DEV Community

Cover image for Can I Grade Loans Better Than LendingClub?
Ty Mick
Ty Mick

Posted on • Originally published at tymick.me

Can I Grade Loans Better Than LendingClub?

Pitting My Neural Network Against a Corporate Benchmark

  1. Introduction
  2. Ground rules
  3. Test metric
  4. LendingClub's turn
  5. My turn
  6. Victory!

Introduction

In case you missed it, I built a neural network to predict loan risk using a public dataset from LendingClub. Then I built a public API to serve the model's predictions. That's nice and all, but… how good is my model?

Today I'm going to put it to the test, pitting it against the risk models of the very institution who issued those loans. That's right, LendingClub included their own calculated loan grades (and sub-grades) in the dataset, so all the pieces are in place for the most thrilling risk modeling smackdown of the century week. May the best algorithm win!

import joblib

prev_notebook_folder = "../input/building-a-neural-network-to-predict-loan-risk/"
loans = joblib.load(prev_notebook_folder + "loans_for_eval.joblib")
loans.shape
Enter fullscreen mode Exit fullscreen mode
(1110171, 70)
Enter fullscreen mode Exit fullscreen mode
loans.head()
Enter fullscreen mode Exit fullscreen mode
loan_amnt term emp_length home_ownership annual_inc purpose dti delinq_2yrs cr_hist_age_mths fico_range_low ... tax_liens tot_hi_cred_lim total_bal_ex_mort total_bc_limit total_il_high_credit_limit fraction_recovered issue_d grade sub_grade expected_return
0 3600.0 36 months 10+ years MORTGAGE 55000.0 debt_consolidation 5.91 0.0 148.0 675.0 ... 0.0 178050.0 7746.0 2400.0 13734.0 1.0 Dec-2015 C C4 4429.08
1 24700.0 36 months 10+ years MORTGAGE 65000.0 small_business 16.06 1.0 192.0 715.0 ... 0.0 314017.0 39475.0 79300.0 24667.0 1.0 Dec-2015 C C1 29530.08
2 20000.0 60 months 10+ years MORTGAGE 63000.0 home_improvement 10.78 0.0 184.0 695.0 ... 0.0 218418.0 18696.0 6200.0 14877.0 1.0 Dec-2015 B B4 25959.60
4 10400.0 60 months 3 years MORTGAGE 104433.0 major_purchase 25.37 1.0 210.0 695.0 ... 0.0 439570.0 95768.0 20300.0 88097.0 1.0 Dec-2015 F F1 17394.60
5 11950.0 36 months 4 years RENT 34000.0 debt_consolidation 10.20 0.0 338.0 690.0 ... 0.0 16900.0 12798.0 9400.0 4000.0 1.0 Dec-2015 C C3 14586.48
5 rows × 70 columns
Enter fullscreen mode Exit fullscreen mode

This post was adapted from a Jupyter Notebook, by the way, so if you'd like to follow along in your own notebook, go ahead and fork mine Kaggle or GitHub!

Ground rules

This is going to be a clean fight—my model won't use any data LendingClub wouldn't have access to at the point they calculate a loan's grade (including the grade itself).

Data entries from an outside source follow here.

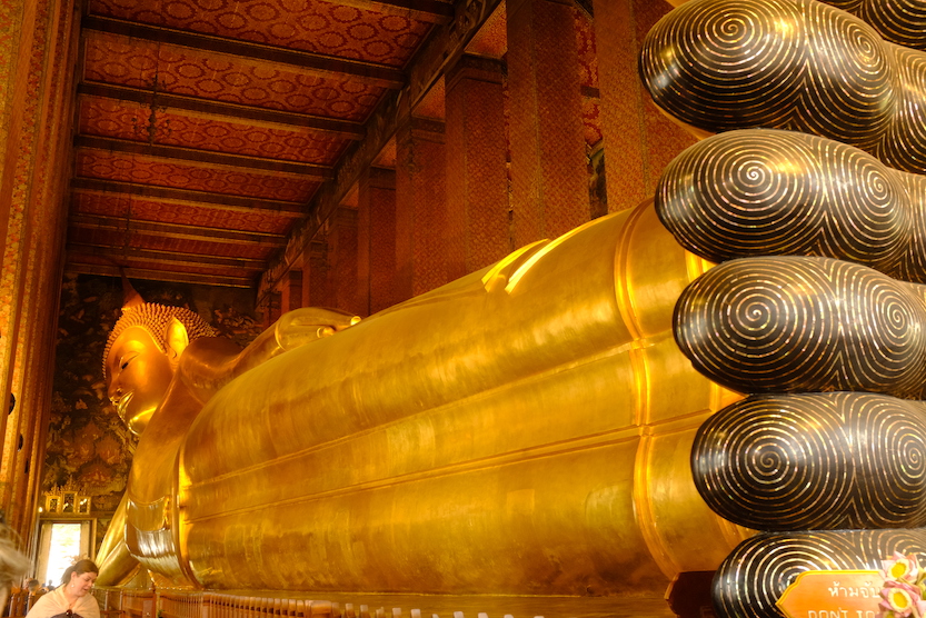 Nous enchaînons l'après-midi par le Wat Pho où se situe notamment le fameux Bouddha couché de 46 m !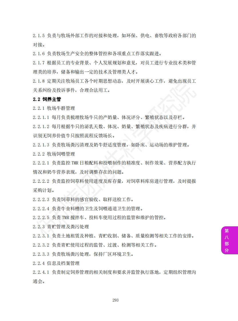 第八部分牧场绩效及财务管理第一章牧场组织架构及岗位职责1.牧场组织架构牧场内的工作繁多复杂,良好的牧场运营管理离不开牧场团队工作的高效率工作,牧场管理的最大困难是人员的管理,完善合理的组织架构是牧场实现高效管理的基础。根据牧场生产的不同模块,牧场应具备主要的组织架构如图8.1.1所示:场长饲养组繁育组保健组挤奶组犊牛组设备组后勤组主管主管主管档案员TR制作工主管主管主管主管电工绩效员接产员饲喂工育种员保健员挤奶工维修工保管员饲养员清粪工水暖工会计、门卫食堂以上组织架构中的人员配备可根据牧场规模大小适当调整,对于规模较小的牧场,繁育组和保健组的主管和员工可适当进行合并。2岗位职责2.1场长2.1.1负责牧场年度、月度生产计划及目标、成本、效益的执行落实,把控全年各项费用预算的制定和监控。2.1.2负责定期组织召开牧场经营分析会,对重点工作计划及完成情况进行总结评估,结合绩效考评等激励手段,全年推进牧场重点工作完成。2.1.3负责制定和完善牧场各项规章制度,如奖罚制度、采购流程、财务制度、考勤制度、设备维保制度、各项工作流程和标准等,监督各项制度的执行落地。2.1.4负责各部门之间工作的协调和配合以及人员管理。292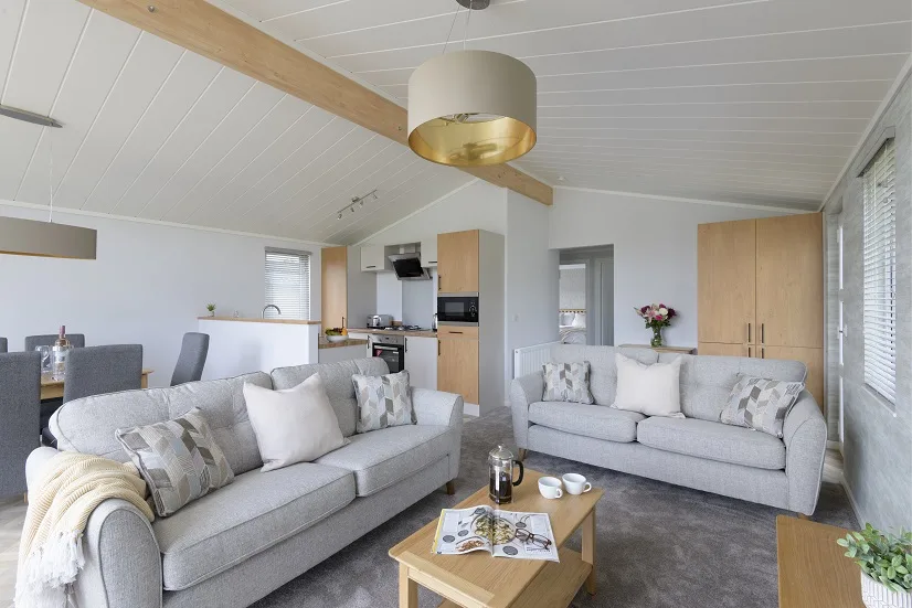 This unique centre lounge model features a spacious lounge area and decking with two bedrooms on opposite sides of the lodge

I'm going to sort the dataset chronologically (using the issue_d column, the month and year the loan was issued) and split it into two parts. The first 80% I'll use for training my competition model, and I'll compare performance on the last 20%.

from sklearn.model_selection import train_test_split

loans["date"] = loans["issue_d"].astype("datetime64[ns]")
loans.sort_values("date", axis="index", inplace=True, kind="mergesort")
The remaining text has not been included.